A dangerous plague with no cure in sight
If your Mac is infected with malware as a result of a new vulnerability, security researchers say that there is no remedy. Even if you wipe your hard drive or reinstall OS X, your computer will be permanently infected, and the only cure is to throw away your hard drive.
In the past, Apple claimed that its Macs are not vulnerable to the known PC firmware attacks, but researchers claim that Thunderstrike 2 exposes MacBooks to similar vulnerabilities.
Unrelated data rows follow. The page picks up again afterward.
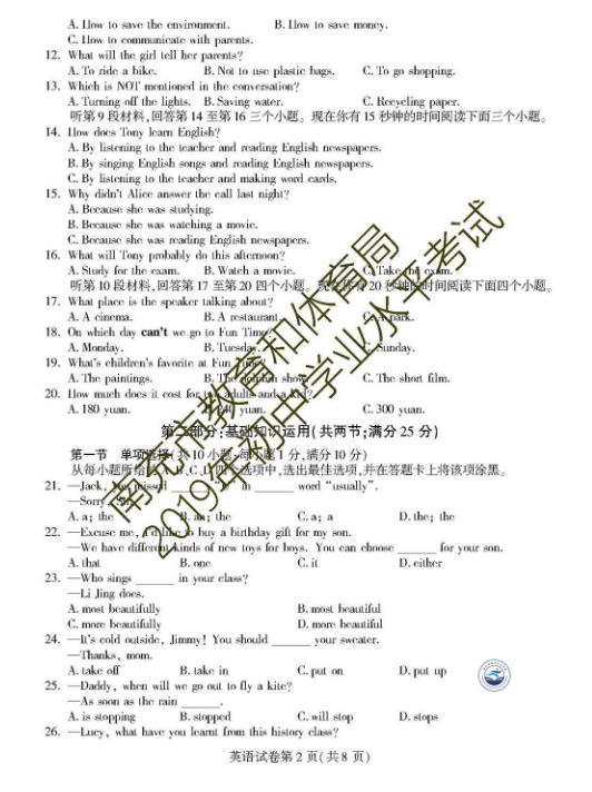 【#中考# #2019年四川南充中考英语试卷及答案【已公布】#】2019年四川南充中考英语考试已结束,®无忧考网中考频道搜集整理发布了“2019年四川南充中考英语试卷及答案”,供考生们参考学习,小编预祝大家取得优异的成绩!
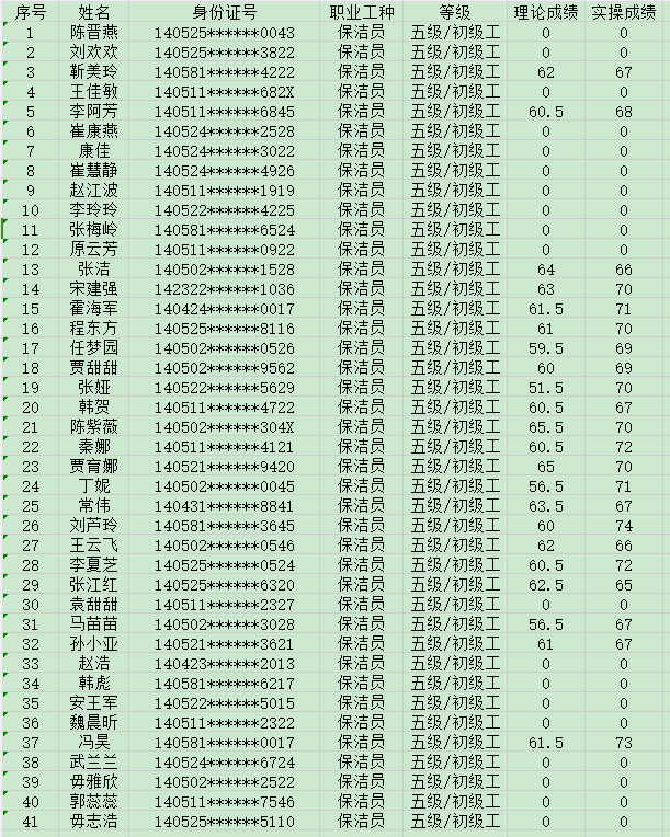 晉城市潔霸清潔服務(wù)股份有限公司職業(yè)技能等級(jí)認(rèn)定中心現(xiàn)將2024年8月4日認(rèn)定人員成績公示如下:
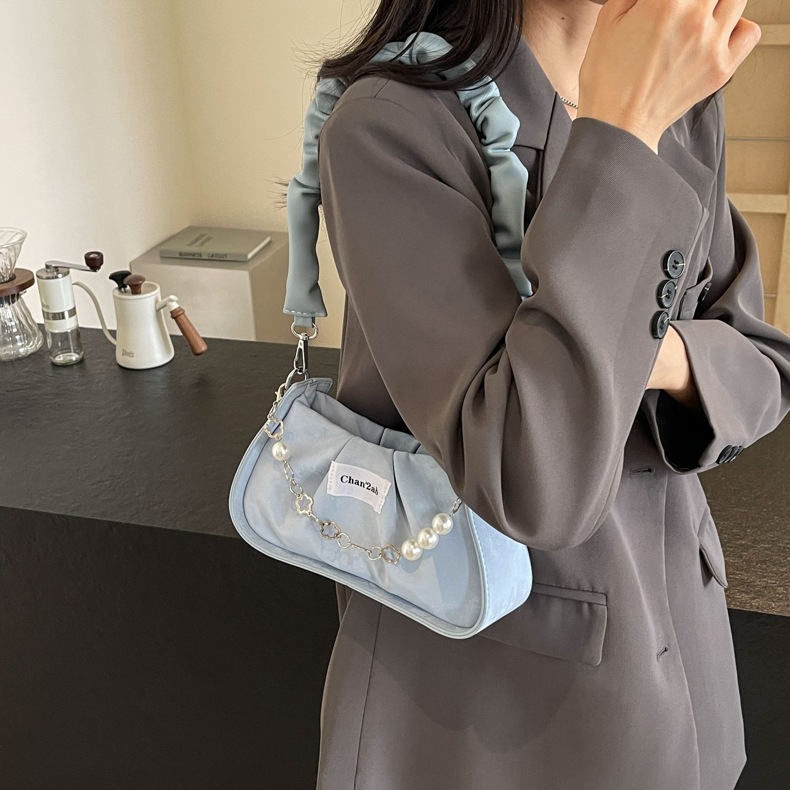 Velvet Ruched Top-Handle Bag with Pearl Accents
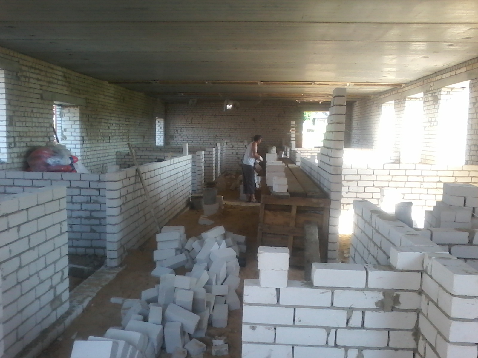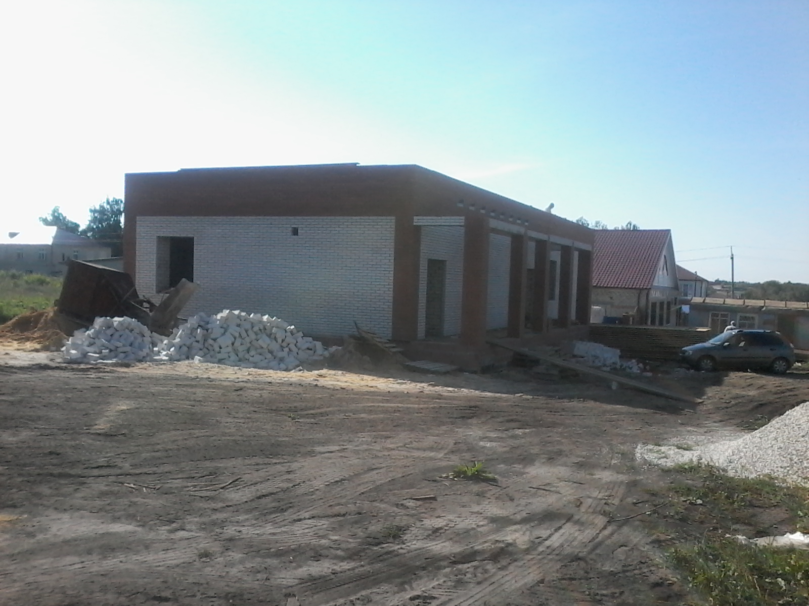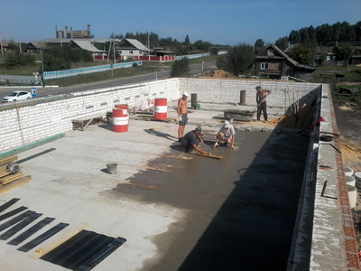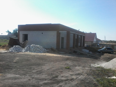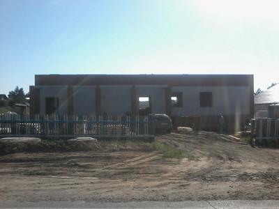 Как видно на фото, возведена основная коробка здания. Делаются перегородки внутри, наружнее водоотведение. Подготавливается крыша под покрытие утеплителем.

Unlike the PC-based attacks, infections on a Mac “required physical presence to perform,” said researcher Corey Kallenberg and his team in a statement about the Thunderstrike 2 session at Black Hat.
“People hear about attacks on PCs and they assume that Apple firmware is better,” security researcher Xeno Kovah said in an interview with Wired. “So we’re trying to make it clear that any time you hear about EFI firmware attacks, it’s pretty much all x86 [computers].”
Kovah and his team found that five of the six PC vulnerabilities could affect Mac firmwares.
Vulnerability at the firmware
“It turns out almost all of the attacks we found on PCs are also applicable to Macs,” Kovah said. “Most people and organizations don’t have the wherewithal to physically open up their machine and electrically reprogram the chip” to get remove the malware.
The attack happens at the BIOS level and is targeted at the computer’s firmware. When you power on your computer, the EFI firmware boots up and launches the operating system. Often times, the firmware is vulnerable because it’s not signed by the manufacturer, and sometimes there is nothing preventing users from loading illegitimate firmware files.
Because the firmware remains even if the machine is wiped or restored, the attack is persistent.
“What we also found is that there is really a high likelihood that the vulnerability will also affect Macbooks. Because Apple is using a similar EFI firmware,” said Kovah.
The researchers will demo their findings at the Black Hat and Def Con security conferences, and they note that the malware is tough to detect because malware detectors typically don’t look at the firmware.
Thunderstrike strikes again
To infect a Mac, researchers said that the firmware malware can be delivered as a phishing email or when users visit a malicious website.
Once infected, the firmware will examine the Mac for connected peripherals that contain Option ROM. This could include Thunderbolt accessories. Once these accessories are infected, they can spread to other Macs once plugged in.
Once the new computer boots up, the infected accessory will write the malware to the BIOS.
While this method of delivery is similar to malware delivered over USB ports, Thunderstrike 2 goes a step further by infecting the BIOS rather than the OS, making it difficult to detect and next to impossible to remove.
Recommendations
Researchers suggest that manufacturers, like Apple, sign their firmware with a digital signature and build in write protection so that only authorized firmware could be loaded.